Wednesday, May 14, 2008

Enough


The phone rang tonight and instantly I was back in college.

She lives with a broken man...

Dane is in St. Louis at a Radiohead concert with his dad. For Dane, I'm not sure it gets much better than that. Tomorrow, they're going to a Cardinals game. That's probably as good as it gets.

Yesterday, he told me Radiohead hadn't been consistently playing "Fake Plastic Trees," my favorite Radiohead song.

When I said "hello" tonight, though, on the other end was Thom.

A cracked, polystyrene man...

And I stopped in my tracks, phone to my ear to listen.

I haven't heard that song in a while, or if I have, I haven't really listened to it.

Tonight, I did, as best I could through the sometimes crackly reception.

The song to me marks the beginning of our relationship. It was near the end of our freshmen year in college when we started dating, and I remember well the feelings of possibility and excitement.

Dane right away wanted to introduce me to his music. I remember sitting on his bed, in his dorm room and listening to music by Radiohead and Pulp and probably a few others. I hadn't heard most of it.

This song, in particular, I liked.

...who just crumbles and burns...

Dane used to sing along and I really liked that.

That summer, we went our separate ways -- but not before Dane drew me directions to his parents' house on a napkin (which for years I kept in the glove compartment of my car. It may still be there) and burned me a Radiohead CD.

I listened to it all summer. I remember staying overnight at the pool while it filled (a laborious, ridiculous task) and finally, the other lifeguards asking to listen to something else.

She wears me out. She wears me out.

Though I've never completely gotten the meaning of the song -- it's sad and melancholy and beautiful at the same time -- it's special because of its timing in my life.

"Fake Plastic Trees" reminds me of before things got so stressful, so routine-ized, so adult. Of the time when we worried about our grades and our jobs at the student newspaper and that was about it.

Of the time when we laughed a whole lot more.

If I could be, who you wanted...

Don't get me wrong: I wouldn't trade my family now for anything. Having Rye is the most important thing I've ever done. We've ever done.

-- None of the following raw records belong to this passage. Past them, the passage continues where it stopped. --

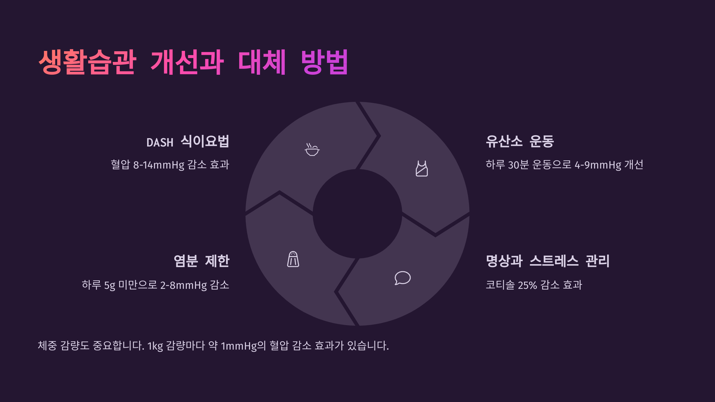 두 번째는 생활습관이에요. 규칙적인 운동, 나트륨 섭취 제한, 음주·흡연 금지, 스트레스 관리 등 혈압에 영향을 주는 모든 요인을 안정적으로 관리하고 있어야 해요. 특히 체중을 5~10% 감량한 경우는 효과가 더 좋아요.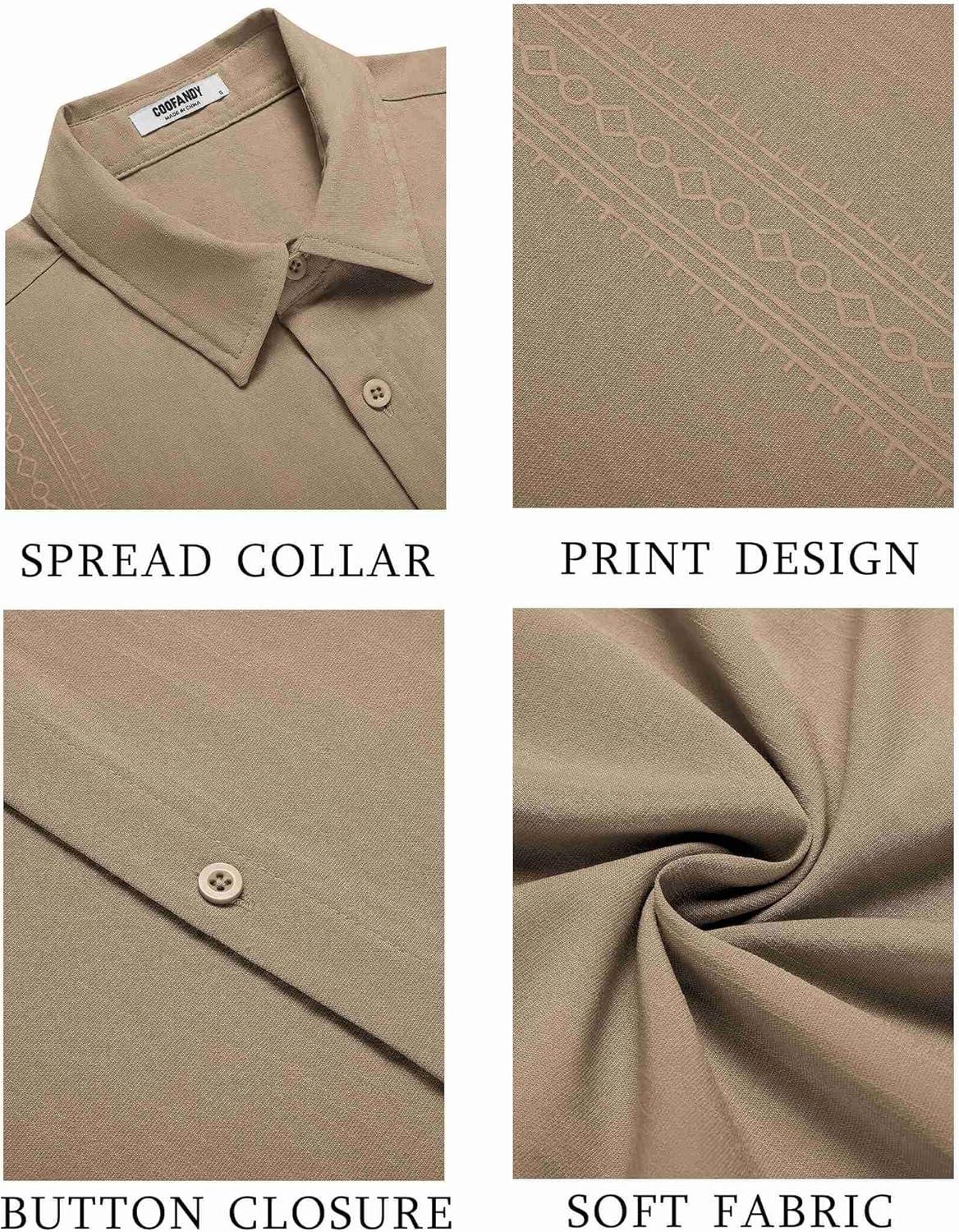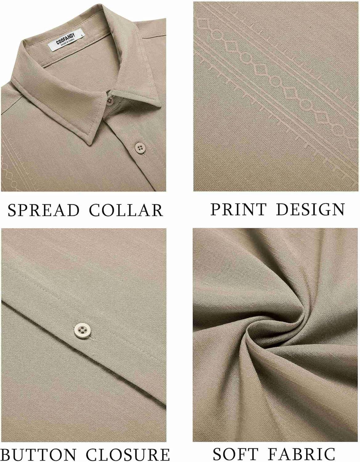 COOFANDY Men’s Cuban Guayabera Shirt Short Sleeve Button Down Shirts Casual Summer Beach Shirts(Khaki)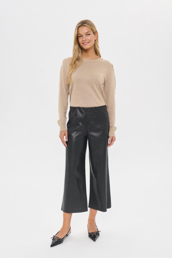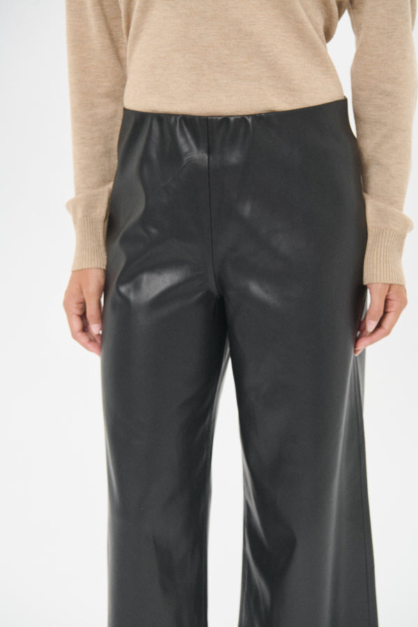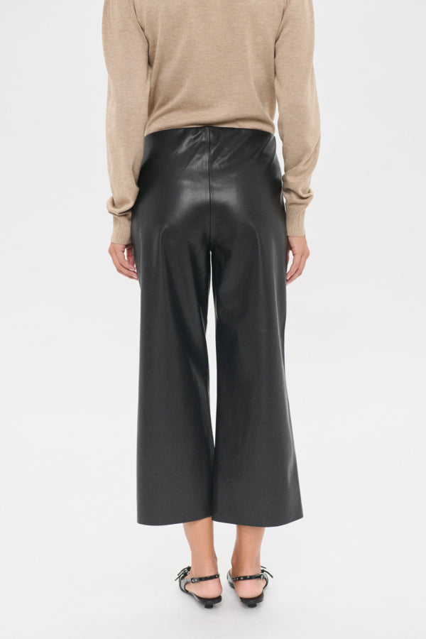 These cropped leather-look pants combine sleek style with effortless edge. Their tailored fit and ankle-length cut make them perfect for modern, minimal outfits, while the smooth texture adds a refined touch. Ideal for versatile layering, they bring a subtle yet confident statement to your wardrobe.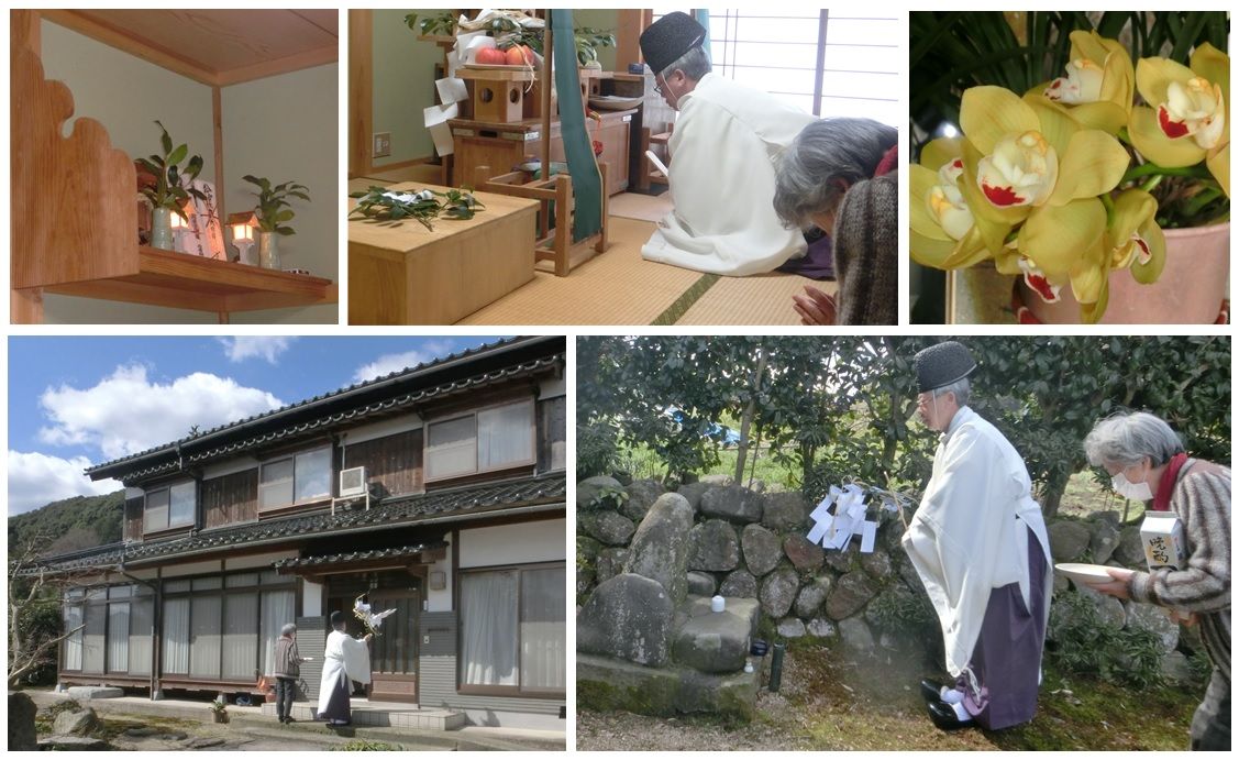 2016年03月19日 宅神祭 ◆◆ 宅神祭 ◆◆✻宅神祭(たくじんさい)清祓祈願の神事を奉仕させていただきました。✻毎年1回宅神祭を斎行しています。✻家屋や敷地をお守りいただいている神さまに感謝し、引き続き恩恵を授かるように 祈願させていただきました。✻玄関や敷地の四隅、敷地内に祀られておられる地主さんを大麻や酒、塩で清め祓い しました。✻玄関には奥様が育てられた蘭が見事に花をつけていました。 「社務日誌」カテゴリの最新記事 < 前の記事次の記事 >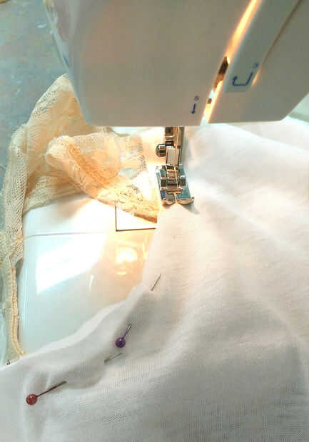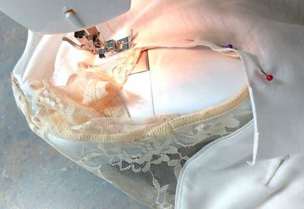 Siga esta misma técnica de costura para fijar el revestimiento en la cintura y en el cuello. Sólo cose hasta llegar a la zona abierta (donde irá el corsé) en cada lado (en la cintura y el cuello). Coser los bordes de la puntilla (donde tomaste la cremallera de) a la guarnición.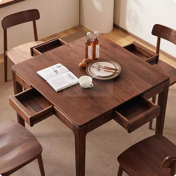 【北美FAS黑胡桃木】100*100*76单桌带抽屉
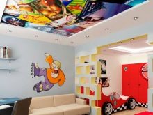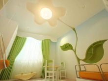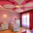 Платното от гипсокартон изглежда оригинално както с опънато звездно небе, така и с фототапети и с витражи. Дайте цветове на таваните в детската стая или “уредете” върху тях силуети на любимите си герои.
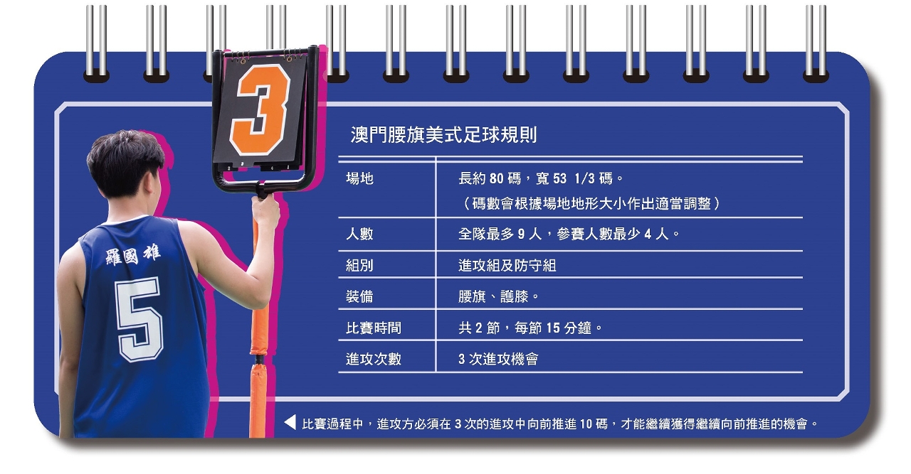 传统美式足球需要在一个长120码,宽53.33码的草坪球场上进行。澳门由于场地的局限,只好因地制宜发展腰旗美式足球。方登慧介绍,腰旗美式足球是从传统美式足球简化而来的大众化运动,两者规则与技巧相似,主要供当地的青少年参与。「与传统美式足球相比,腰旗美式足球的冲撞较少,规则亦相对简单。为了更易于在青少年间进行推广,我们还根据澳门的场地大小,对比赛规则作出适当的调整。」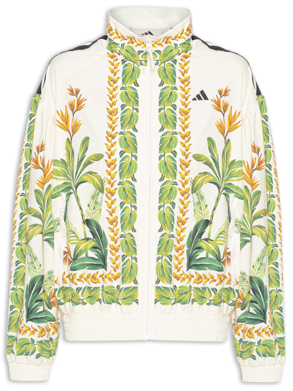 As jaquetas estampadas estão super na moda. Combine este modelo Adidas + Farm com uma bermuda de conjunto, brincos e tenis para finalizar.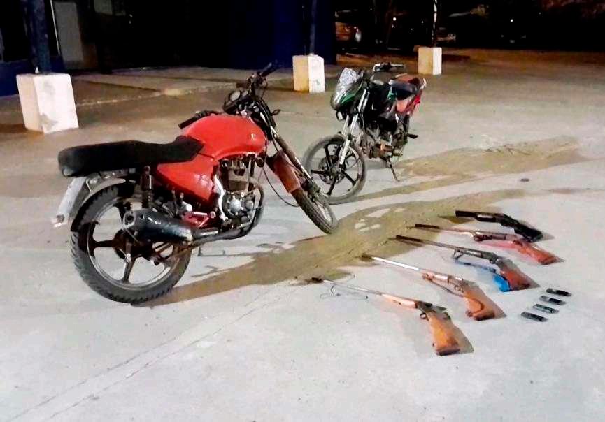 Los delincuentes al ver se acorralados empezaron a disparar por varias ocasio nes en contra de los gendar mes y lograron huir dejando abandonada 2 motocicletas y armas de fuego las que fue ron incautadas y puesta a orden de la autoridad com petente.

But sometimes it's easy to get jaded by the routine, the 40-hour work weeks, the commute. And you forget to remember who you are. And that it's enough.

All the time.

6 comments:

Unknown said...

You kept a napkin for years... ;-)

I won't even tell the story of the chip.

But that's one of many things great about you Veronica, you give things meaning and then you hold onto that meaning for a long time. Thanks for continuing to open the windows to your world.

Jonathan said...

Great post, Veronica. I think of some of the memories I have linked to songs, but they pale in comparison.

I also enjoyed the picture; first I thought back to the semester in Wales when I saw you guys in the photo and then I remembered "rolling" through Lincoln when I looked more closely and spotted that you guys were at the DN. All in all, an excellent post!

Chris said...

Songs can bring back so many memories. "Fake Plastic Trees" is a great one too. What an awesome post!

Anonymous said...

I feel like I could have written this post, at least parts of it.

This song reminds me of when Adam and I first started dating. He also immediately wanted to show me his music, and The Bends was one of the first cds he played for me. Fake Plastic Trees stuck out to me the most. Whenever I listen to that song, I am immediately shot back to that time period.

And I also still have napkins and other various sheets of paper that he has drawn me maps on, some of which are still in my glove compartment. =)

Jeannine said...

Amazingly, I was just wondering today about how the two of you met and the story of the two of you and ta-da there in black and white is the start of the answer.

Keep fighting to hold on to part of that magic. With it you can continue to create more and you won't have to look so far back to remember what it was like.

Veronica said...

Thanks for all of these comments.

Sara, that is crazy!

Jeannine, you can have the full story sometime, too. I can't believe we've never talked about that.

Grant and Jonathan, thanks for always reading and letting me know you're liking what you see.